WHAT THE TASK ASKS.
Write out again, word for word, the lines below from the line that holds "Um ambiente que" through the line that holds "The hottest new", omitting pictures.

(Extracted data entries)
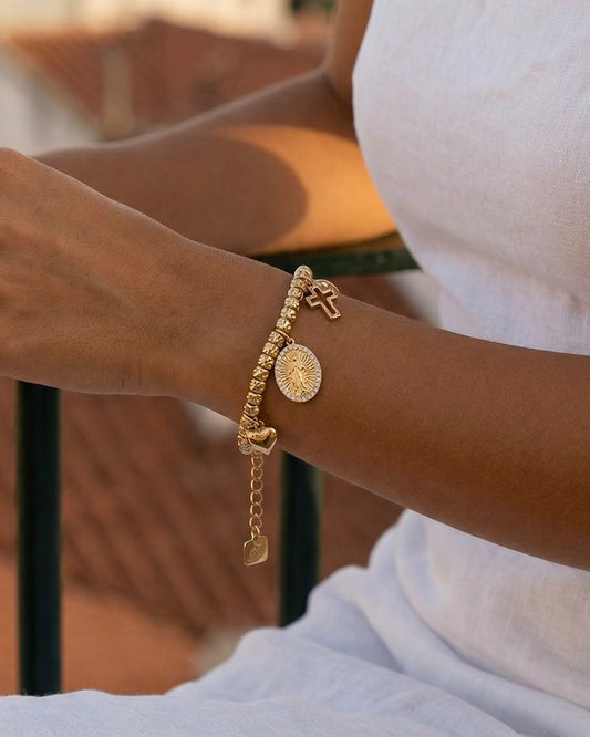 Pulseira Riviera com Pendente Dourado ou Prateado
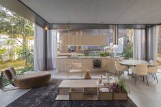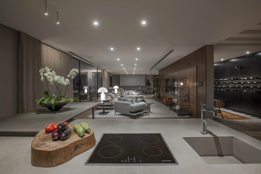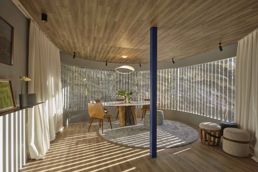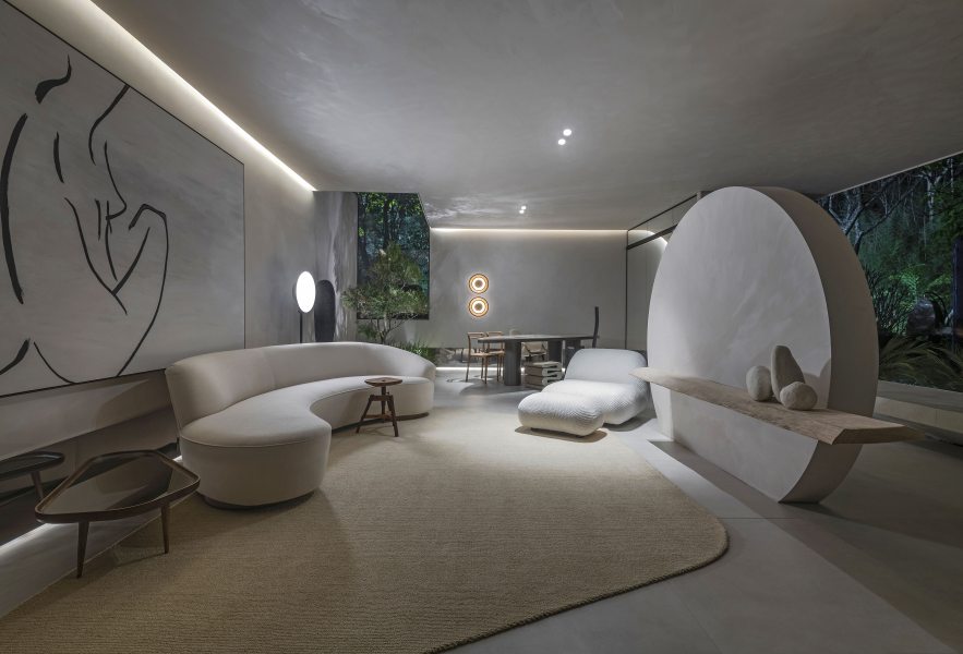 Um ambiente que se propõe sem limites entre o interno e o externo e que contrasta a rigidez externa da arquitetura brutalista das placas cimentícias aparentes, em formato ortogonal, com a fluidez interna. Com living, jantar e adega, o espaço é delimitado pelo uso e não por divisões físicas e se destina à convivência e à contemplação do entorno. O layout e o mobiliário tem caráter orgânico, com poucos itens e uma paleta bem clean. A simplicidade do ambiente funciona como uma tela em branco em que as pinceladas são os móveis e a luz que toca as superfícies. Destaque para a mesa de jantar orgânica, desenhada pelo escritório em lâmina de madeira natural Grigio Italiano e para as duas arandelas douradas Vent, da Foscarini, a luminária de piso Galáxia da Archela, e a arandela da adega Arco, do Estudio Rain.
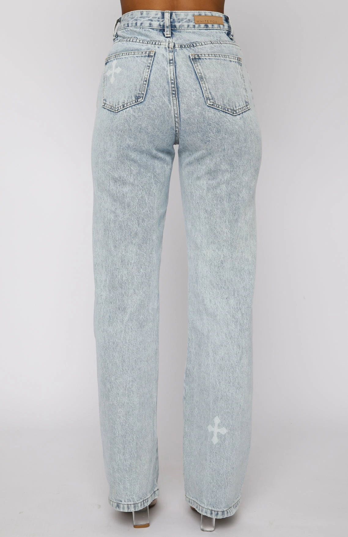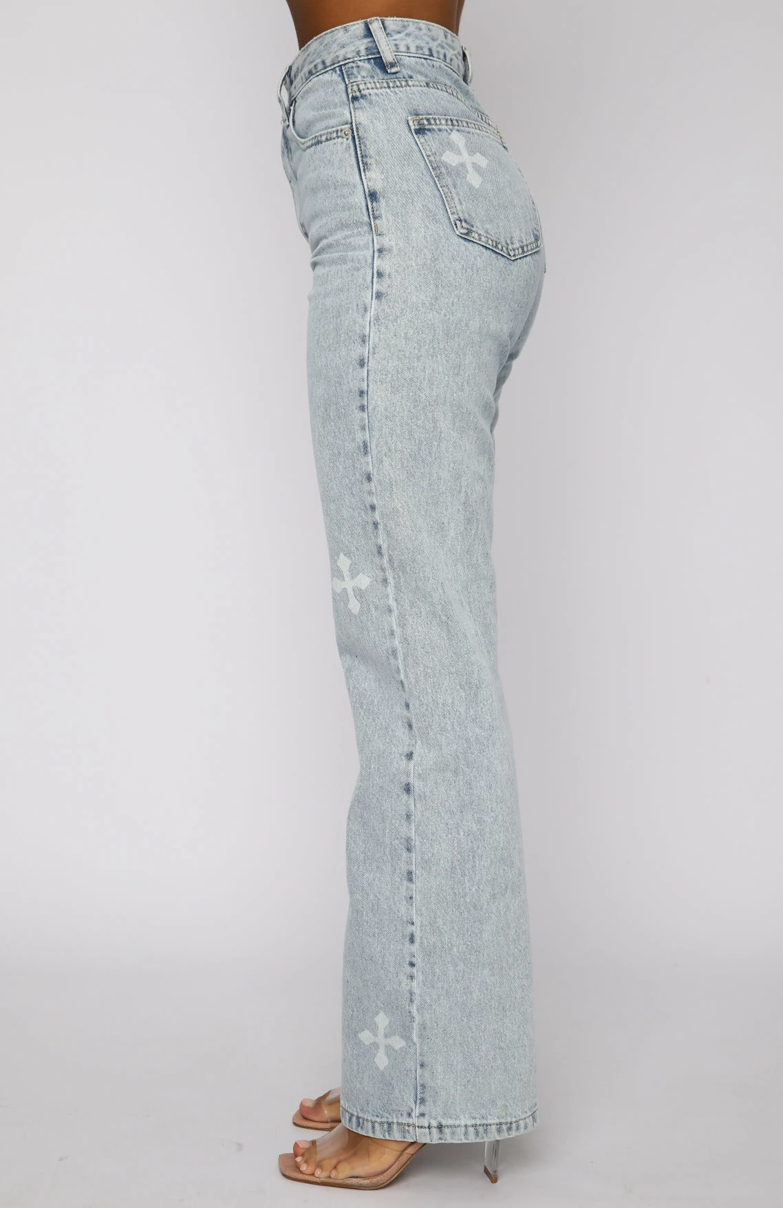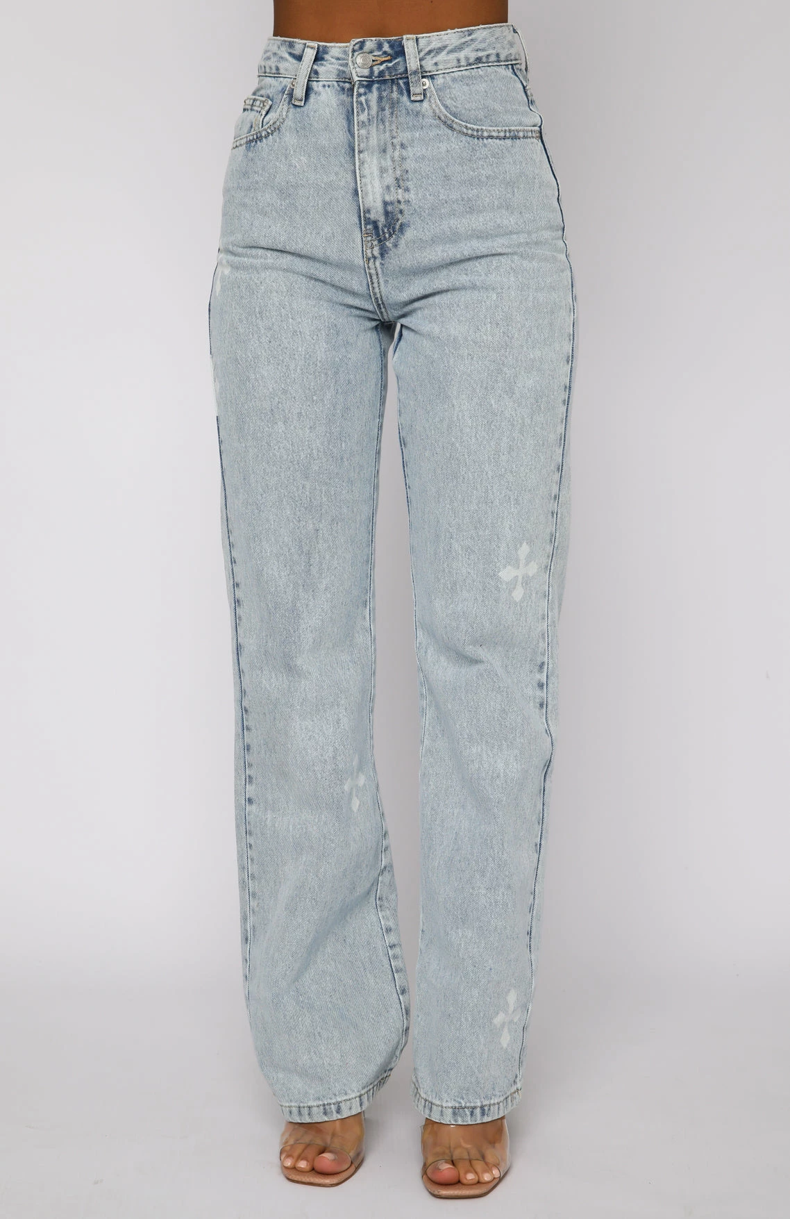 The hottest new trend, printed denim. The Escape Reality Jeans in Washed Blue Print are high waisted with zipper & button closure at front, belt loops, distressed rip detailing, 5 pocket design, straight leg fit, non stretch denim and print detail. Pair with a crop top or t-shirt for a relaxed everyday look.
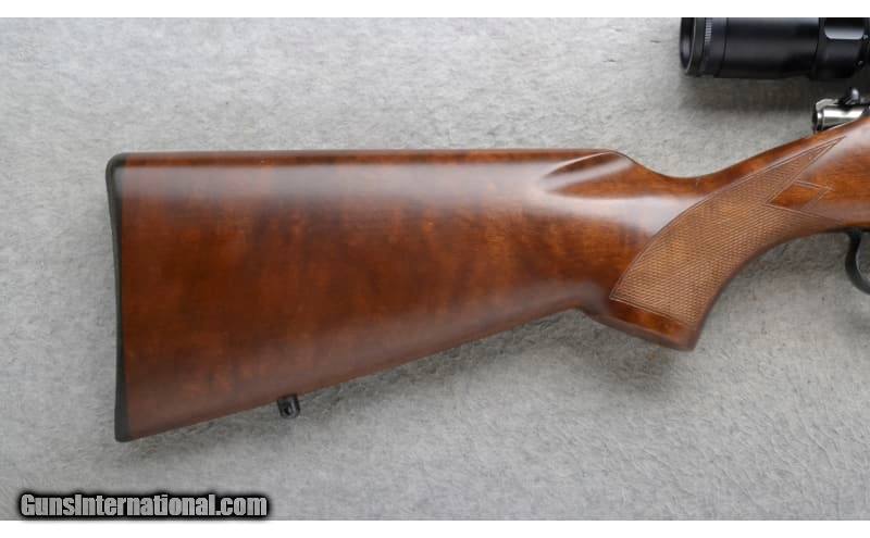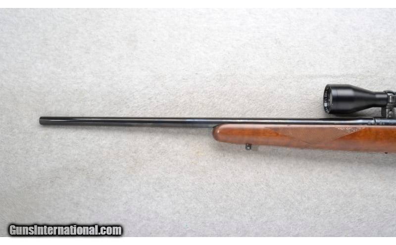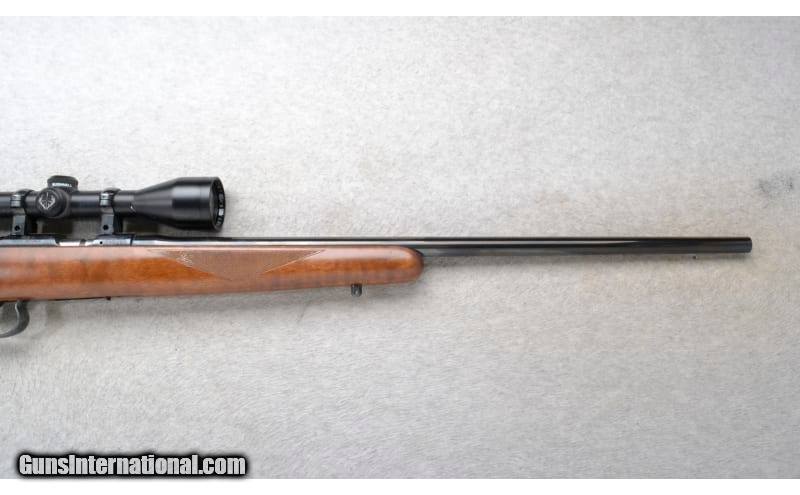 Description: This CZ Model 452-2E American is a right hand bolt action rifle in .22 WMR Cal. It has a 22 inch barrel. It is outfitted with a Bushnell 3-9x40 Scope. No iron sights. The butt stock is a checkered grip walnut pistol grip. The forearm is a checkered grip walnut. .22 WMR SOLD Chambers: Detachable magazine. Metal Condition: Very Good. Wood Condition: Good. Light handling/use marks. Bore Condition: Excellent. Barrels: 22 inch. Stock Dimensions: LOP 13 1/4 inches. Fore End: Checkered grip walnut. Butt Pad: Checkered black plate. Weight: 7 lb. 2 oz. Sights: Bushnell 3-9x40 Scope. No iron sights. Item Location: Richfield, WI |
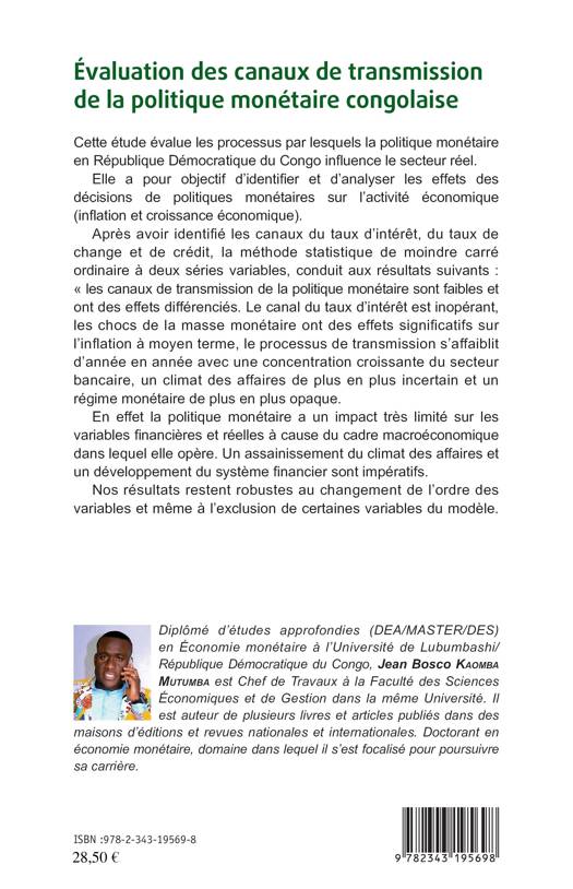 Cette étude évalue les processus par lesquels la politique monétaire en République Démocratique du Congo influence le secteur réel. Elle a pour objectif d'identifier et d'analyser les effets des décisions de politiques monétaires sur l'activité économique (inflation et croissance économique).

PROBLEM SOLUTION.
 Um ambiente que se propõe sem limites entre o interno e o externo e que contrasta a rigidez externa da arquitetura brutalista das placas cimentícias aparentes, em formato ortogonal, com a fluidez interna. Com living, jantar e adega, o espaço é delimitado pelo uso e não por divisões físicas e se destina à convivência e à contemplação do entorno. O layout e o mobiliário tem caráter orgânico, com poucos itens e uma paleta bem clean. A simplicidade do ambiente funciona como uma tela em branco em que as pinceladas são os móveis e a luz que toca as superfícies. Destaque para a mesa de jantar orgânica, desenhada pelo escritório em lâmina de madeira natural Grigio Italiano e para as duas arandelas douradas Vent, da Foscarini, a luminária de piso Galáxia da Archela, e a arandela da adega Arco, do Estudio Rain.
 The hottest new trend, printed denim. The Escape Reality Jeans in Washed Blue Print are high waisted with zipper & button closure at front, belt loops, distressed rip detailing, 5 pocket design, straight leg fit, non stretch denim and print detail. Pair with a crop top or t-shirt for a relaxed everyday look.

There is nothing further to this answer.